The Federal Housing Finance Agency is still not producing enough adequately-trained examiners necessary to monitor Fannie Mae and Freddie Mac, four years after the agency's inspector general first raised concerns about the issue, a new report claims.

The examiner commission program, founded in 2013 after an FHFA Office of Inspector General report found two-thirds of FHFA examiners lacked proper training, has thus far failed its mission to produce qualified examiners, the July 29 report finds. The examiners assess risk taken in transactions made by Fannie Mae, Freddie Mac and the Federal Home Loan Banks.

The inspector general report found that only one out of 66 had submitted paperwork showing the examiner had fully completed the commission program and that more than 20% enrolled over the 19-month period it reviewed had not completed more than one of the required courses. The FHFA also did not have records for which enrolled examiners were fulfilling their on-the-job training requirements.

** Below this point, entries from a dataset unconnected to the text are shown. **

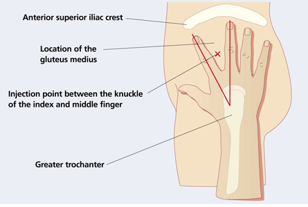 Σχηματίζεται ένας σταυρός σε κάθε γλουτό και η ένεση γίνεται στο άνω και έξω τεταρτημόριο.
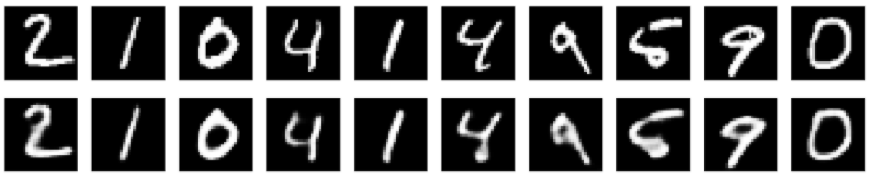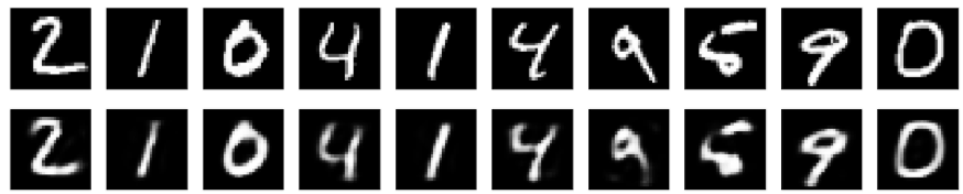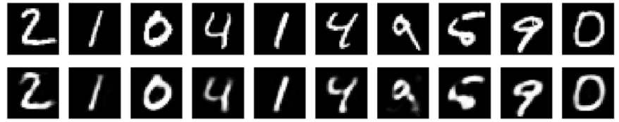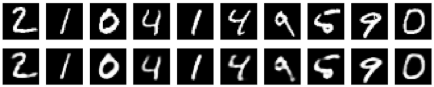 위의 줄이 원본 데이터이고, 아래 줄이 오토인코더를 통해 재구성된 데이터입니다. 간단한 모델로는 꽤 손실이 있음을 볼 수 있습니다.
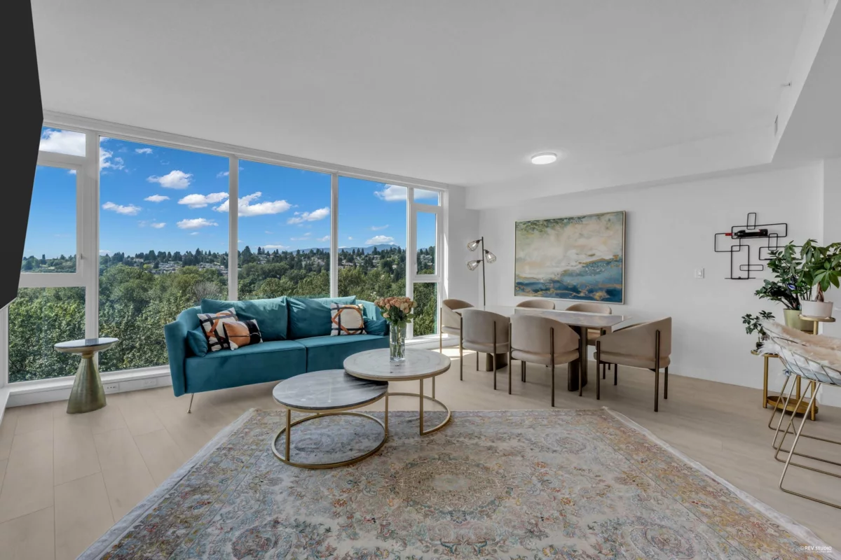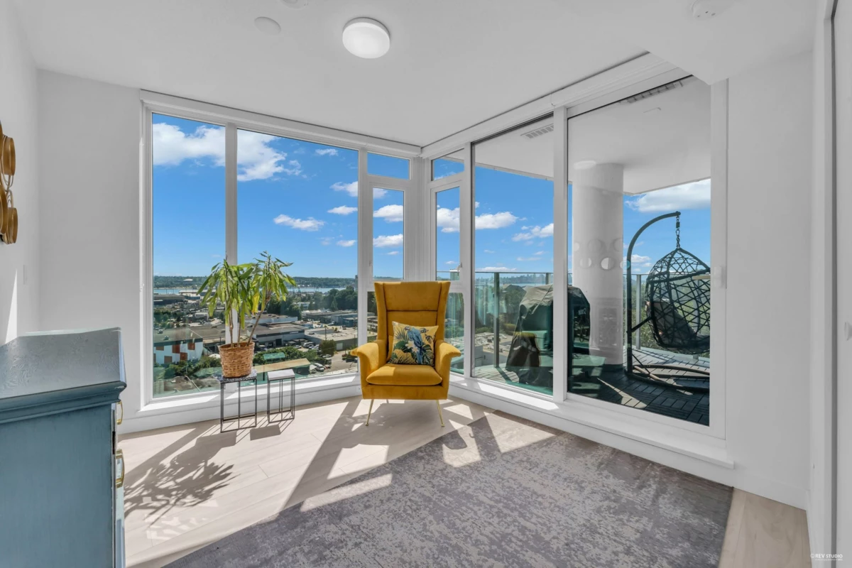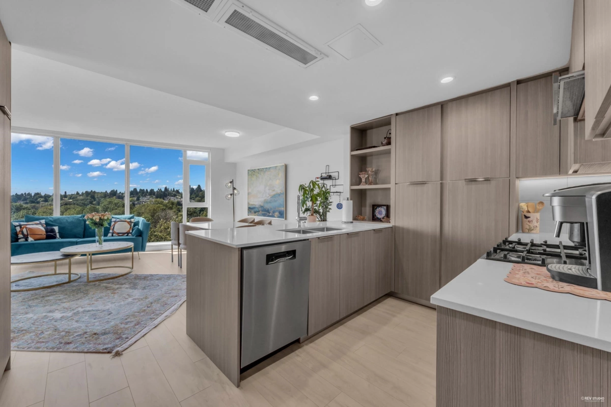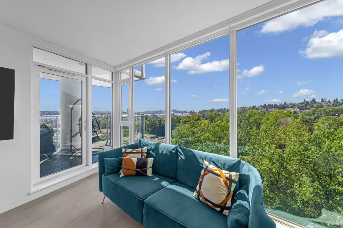 Stunning Corner Residence with Forest & Water Views at Hunter, Lynnmour Perched on the 14th floor of North Vancouver’s sought-after Hunter building, this 2-bedroom, 2-bathroom corner home offers 946 sq.ft. of beautifully designed living space plus a 118 sq.ft. covered balcony to enjoy serene forest vistas & calming water views. Floor-to-ceiling windows flood the open-concept layout with natural light, while the sleek chef’s kitchen boasts quartz countertops, high-end stainless steel appliances, & custom cabinetry with pantry storage. The private primary suite features a walk-in closet & spa-inspired 4-piece ensuite. This home includes air conditioning, in-suite laundry & 1 secure parking.Residents enjoy world-class amenities—state-of-the-art fitness centre, sauna/steam room and etc.

The inspector general also found that some courses and on-the-job training requirements were waived for half of those in the examiner commission program.

In a response included in the report, the FHFA agreed with its inspector general's recommendations to keep better records and communicate better with participating examiners and their managers. The agency has also agreed to take certain steps to increase the effectiveness of the program. The Office of the Inspector General said in its own response that it considers the steps outlined to be adequate.